County Commissioner Bev Stein says contractors such as Oregon Pacific are not part of the county's living wage program because their employees also clean city buildings; only companies that contract exclusively with Multnomah County were part of Living Wage and Benefits Project. "This worker doesn't have any benefits because he's not part of the program," Stein says.

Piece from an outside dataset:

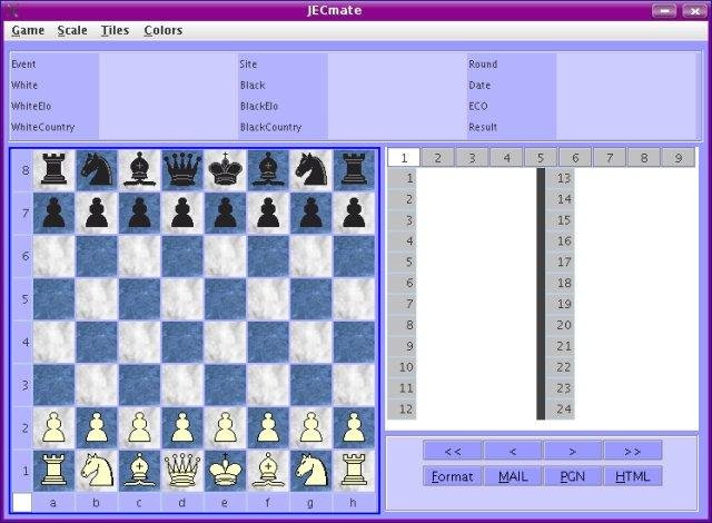 JECmate is an application to help manage chess games played by mail or email. Written in Java it will support the creation of messages and the sending of those messages by email. It may also be used as an interface to third-party chess engines.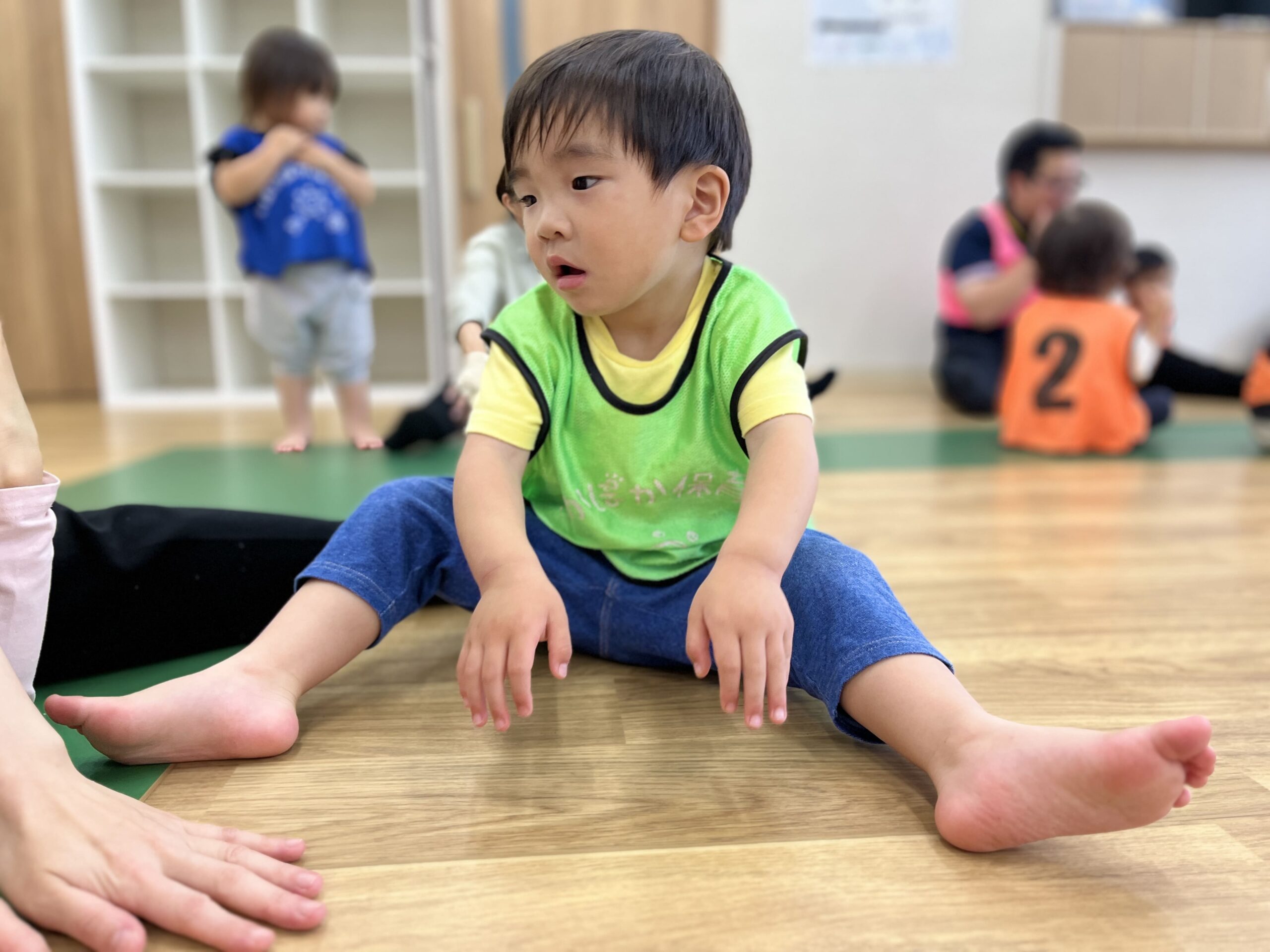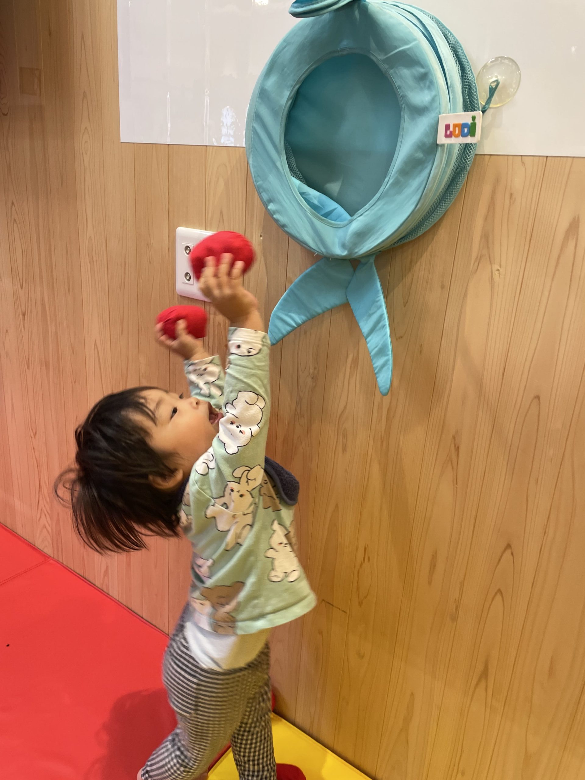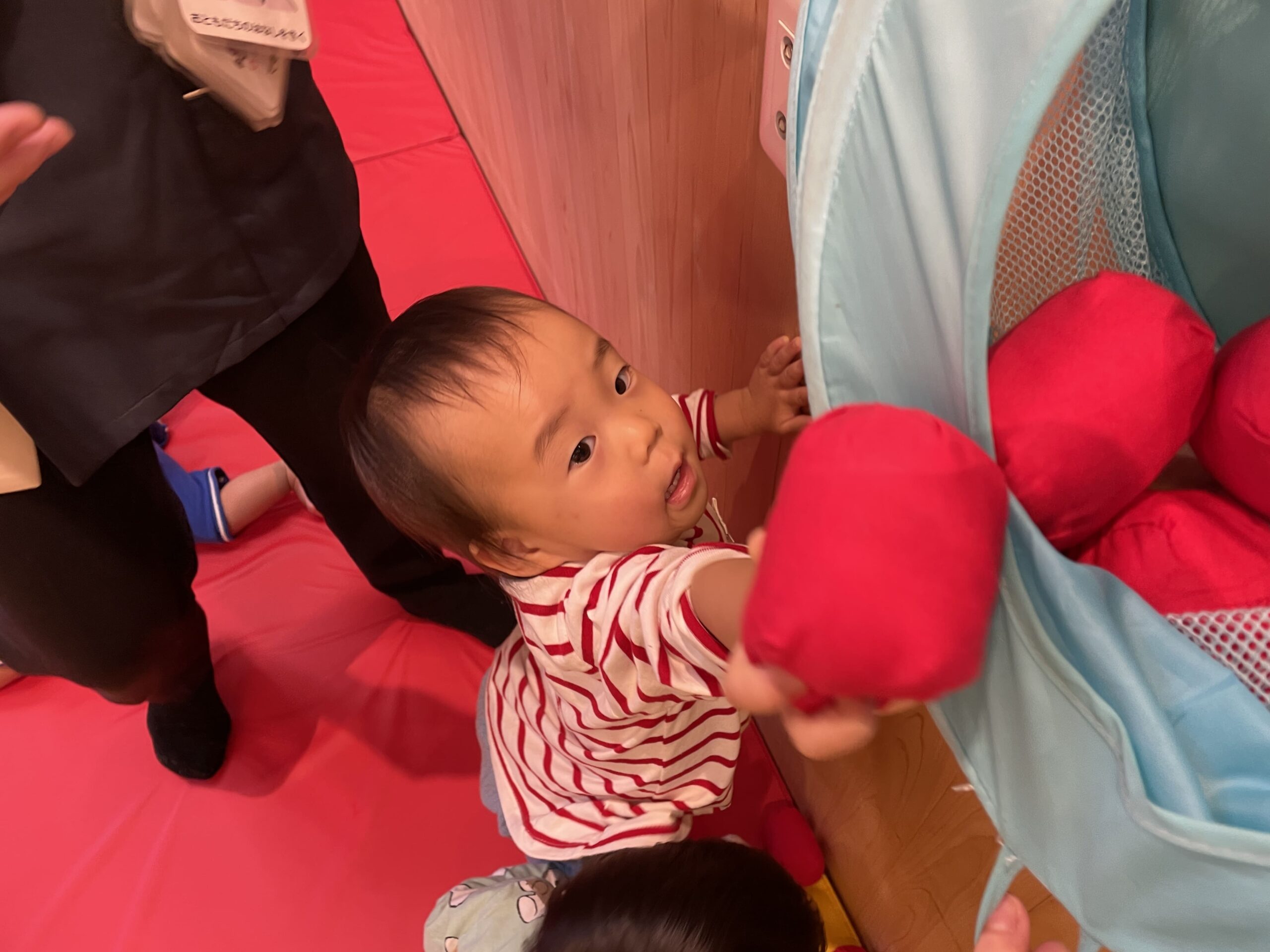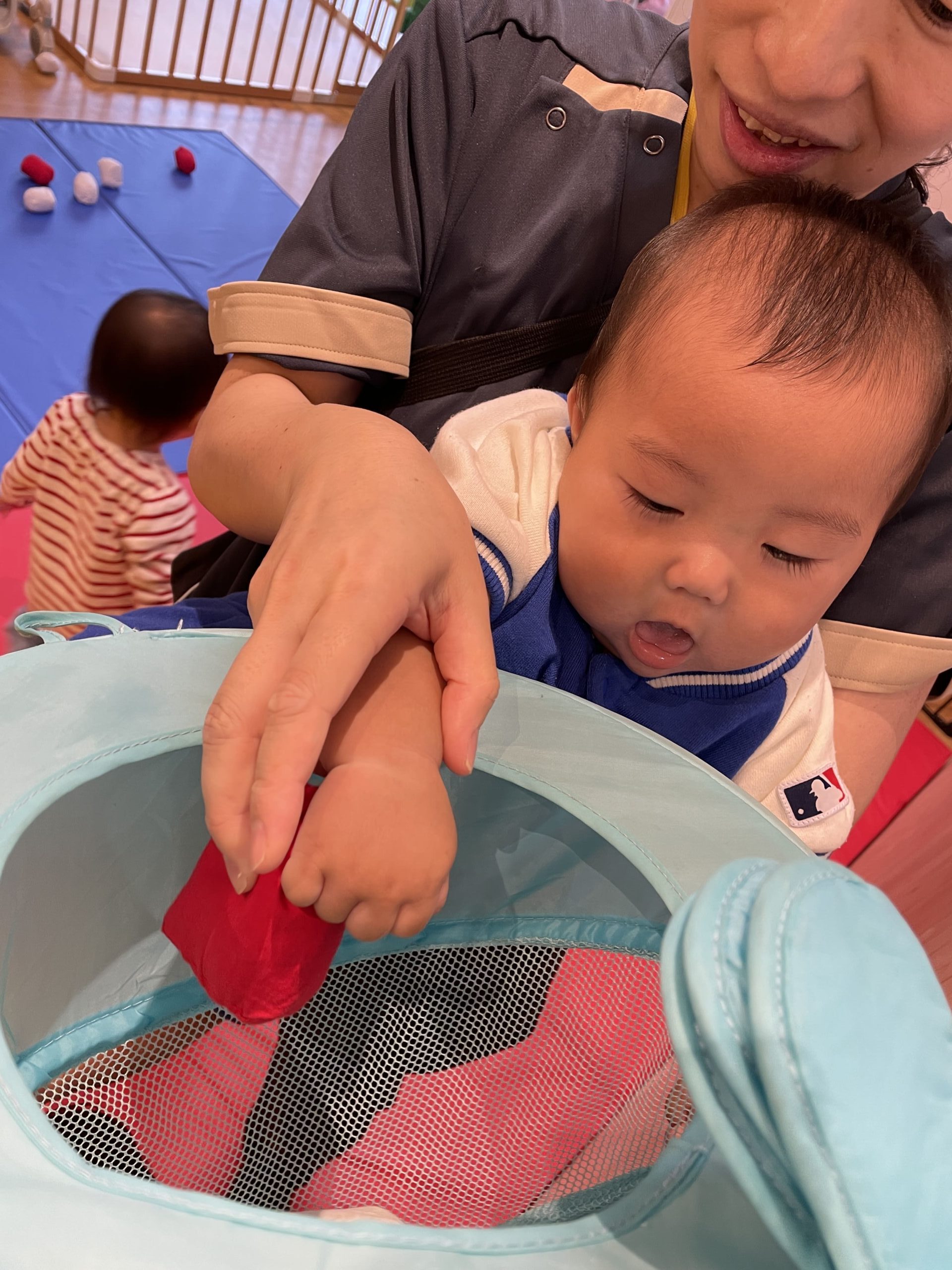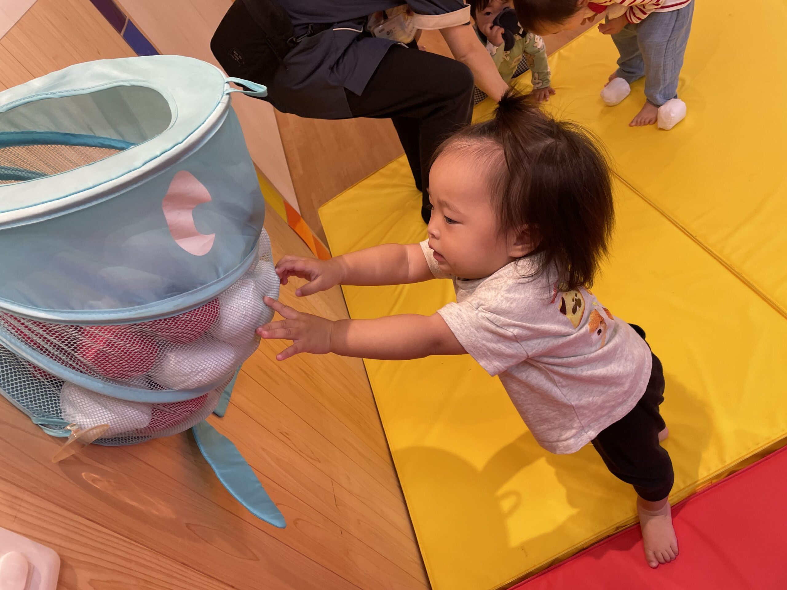 そのあとは、みんなで玉入れをやってみました。「届くかな?」と先生が言うと、子どもたちは背伸びしながら一生懸命かごめがけて玉を投げます。「やった!入った!」と両手をあげて大喜び。「もう一回!」と何度も挑戦していました。「みんな上手だね」と先生が言うと、照れくさそうにしながらも自信たっぷりの表情がとても印象的でした。

 For critics, however, that's exactly the problem with the 3-year-old program. "It's still in pilot-project mode," says SEIU's Ward.

Roberto, in the meantime, continues to work five nights a week cleaning county and city buildings. He lives in a two-bedroom apartment off Northeast Sandy Boulevard with four other Mexican immigrants, sharing a room with his wife and child while two other adults sleep on couches in the main room.

 Ironically, his lack of health benefits has forced his family to use free county services like La Clinica de Buena Salud in Northeast Portland, taxing the county for its inability to make his employer provide coverage.

"What a joke," he says.

Asked what he'll do with the extra money if the $8-an-hour living wage ordinance is enacted, he says he'll save it. "You have to worry about saving," he says. "Who knows what's going to happen tomorrow."